SE Queens elected speak on charters |

Loss of incoming grants designed to draw more students and space for extracurricular activities were some of the reasons behind last week’s withdrawal of proposals for the co-location of elementary schools within the Catherine & Count Basie Middle School in Rochdale and the Springfield Gardens Educational Complex.

Eva Moskowitz, the founder and CEO of Success Academy Schools, told the Queens Chronicle that both claims were bogus and were simply anti-charter rhetoric to prevent school-choice for parents seeking a better education for their children.

“We have no impact on the footprint of the co-located schools,” Moskowitz said regarding claims that a co-location would take away space for supplementary activities at The Springfield Gardens Educational Complex, located at 143-10 Springfield Blvd. empirical reality over 17 years at 49 schools.”

As far as co-locating elementary school students with high schoolers, Moskowitz said that Success Academy has six such co-locations, so combining schools with youngsters and teens is not a disaster waiting to happen.

“We are familiar on how to manage that,” said Moskowitz. “This is not a real argument.”

Council Majority Whip Selvena Brooks-Powers (D-South Ozone Park), however, feels as though the concerns of students losing space for activities and grant funding, which could help the schools grow their campus population were no small matters.

“As a parent, I don’t think I would want my kids in the same space as teenagers and I think that is a legitimate concern,” she said.

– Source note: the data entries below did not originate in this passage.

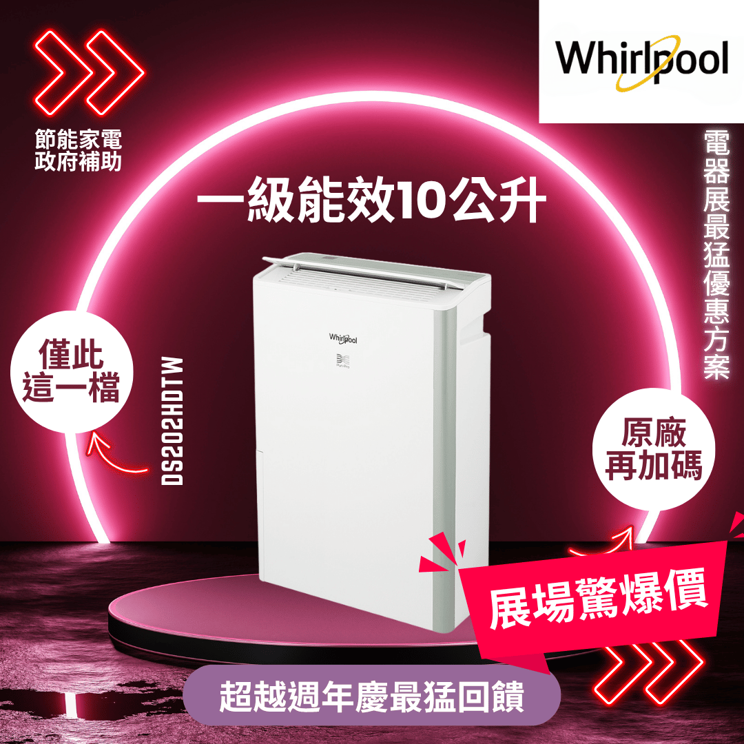Whirlpool 惠而浦 一級能效10公升第六感智能清淨除濕機(DS202HDTW)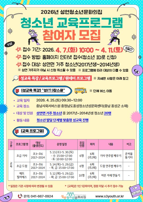 성연청소년문화의집, 2026년 교육프로그램 수강생 모집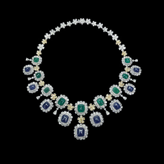 This is a necklace that is inlaid with charming emerald and blue sapphire cabochons. It is finely adorned with sparkling diamond elements for added attractiveness. This dazzling necklace is great formal occasions.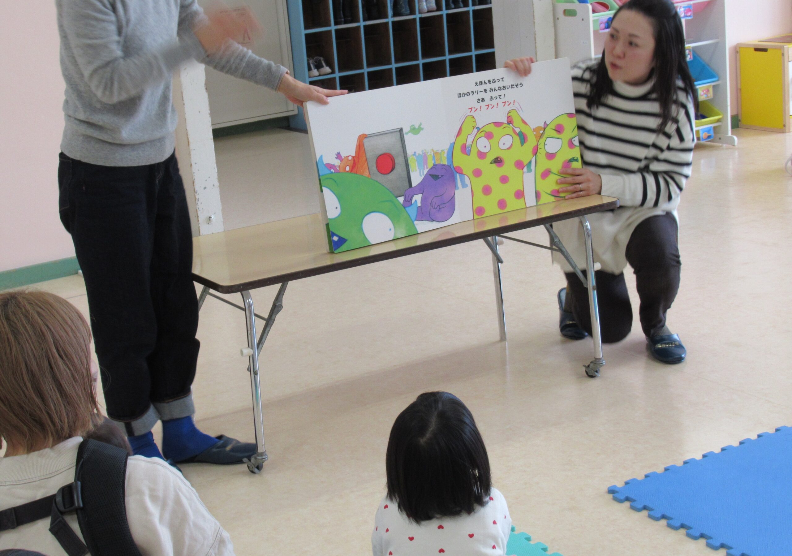読み聞かせでは、椅子に座って落ち着いて絵本を見ることができましたよ。ぱぴぷぺ・ぽんのみなさんとの掛け合いも楽しかったようです!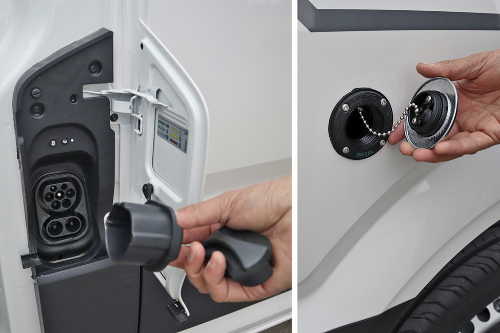 Sähköauton erottaa usein latausluukusta, joka monesti on eri paikassa kuin bensiinin tai dieselin tankkausluukku. Tältäkään osin ei e-Crafteria pysty erottamaan dieselveljistään, koska latauspistorasia on sijoitettu saman luukun alle, jossa tankin korkki on. Yhtä lailla latausluukku lukittuu kuljettajan oven alle. Tosi tarkkasilmäinen voi sentään huomata auton vasemmalla sivulla, takarenkaan yläpuolella olevan täyttökorkin. Se on Suomessa asennettua polttoainekäyttöistä (MPÖ) lisälämmitintä varten. Huoltoasemalla se saattaa herättää hilpeyttä, kun tankkaa sähköautoon polttoainetta, ja vieläpä moottoripolttoöljyä.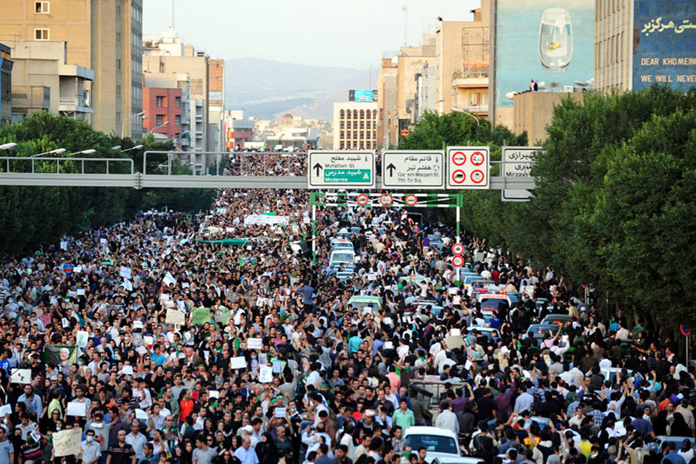 Téhéran, dans la nuit entre le 12 et le 13 juin 2009. À quelques mètres de la place Fatemi, au centre de la capitale iranienne, une petite rue est noire de monde. La foule s’agite et bruisse d’une rumeur. En ce jour d’élection présidentielle, les partisans de Moussavi, candidat de l’opposition, ont la mine défaite devant l’un de ses QG de campagne. Il est minuit trente, la rumeur donne vainqueur le président sortant, Mahmoud Ahmadinejad. Après une folle campagne, l’annonce assomme le groupe. Un religieux prend la parole. Il est écouté par la ruelle silencieuse, attentive, quoique nerveuse de colère. Le discours dure trois minutes. Il est acclamé par les slogans de la campagne, bientôt balayés par la première charge des forces de sécurité. En uniforme anti-émeute, un groupe de policiers fond sur les militants qui se dispersent immédiatement dans les ruelles sombres. La répression commence.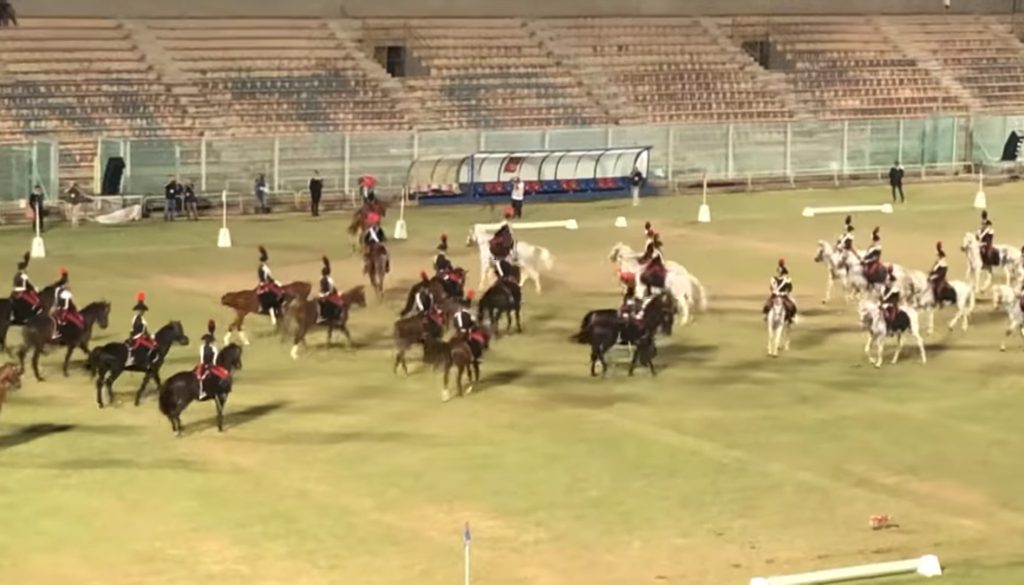 Al termine dell’esibizione, la celebre carica di Pastrengo ha fatto vibrare gli spalti, con i carabinieri che hanno lanciato il grido “Savoia!”.

Brooks-Powers also doesn’t want the students to possibly lose out on extracurricular activities. At the SGEC, she was a part of a walking tour of the campus and saw the spaces for the nursing and the veterinary programs. She also believes the supplementary education will also help to set up the students for careers after high school.

Brooks-Powers told the Chronicle that she has been providing capital funding to the schools to help them improve.

Councilwoman Nantasha Williams (D-Queens Village) is not against charter schools, but does not believe they should be implemented to the detriment of district schools.

“I’ve met people that absolutely don’t like the system and people who can’t talk enough about them,” Williams said. “For me it’s not charter schools coming into the community, but how are they coming to the community. Are there other places that could be used that is not co-located within a public school?”

Moskowitz said that elementary school parents should not have to wait for a new building to be erected for space for a new school, especially in Southeast Queens where schools are under capacity.

Both Williams and Brooks-Powers say there are charter schools in their areas that utilize their own buildings without encroaching in district buildings.

Moskowitz told the Chronicle that the charters school program had long signup lists for the SGEC, and the Catherine and Count Basie Middle School, located at 133-25 Guy R. Brewer Blvd.

Williams said that district schools are not incapable of improving and attracting students, but the bureaucracy at the city’s Department of Education is to blame.

“There are many constraints that charter schools don’t have,” Williams said. “Charter schools are able to use innovative models of teaching and experiment in the best way to teach students… this is why parents love charter schools, but not all students do better in that type of environment.

“Maybe some students need something else. Breaking the silos of the DOE and breaking down its bureaucracy so principals can really serve and provide the needs of their schools is something that is really important. They just need the resources to do that.”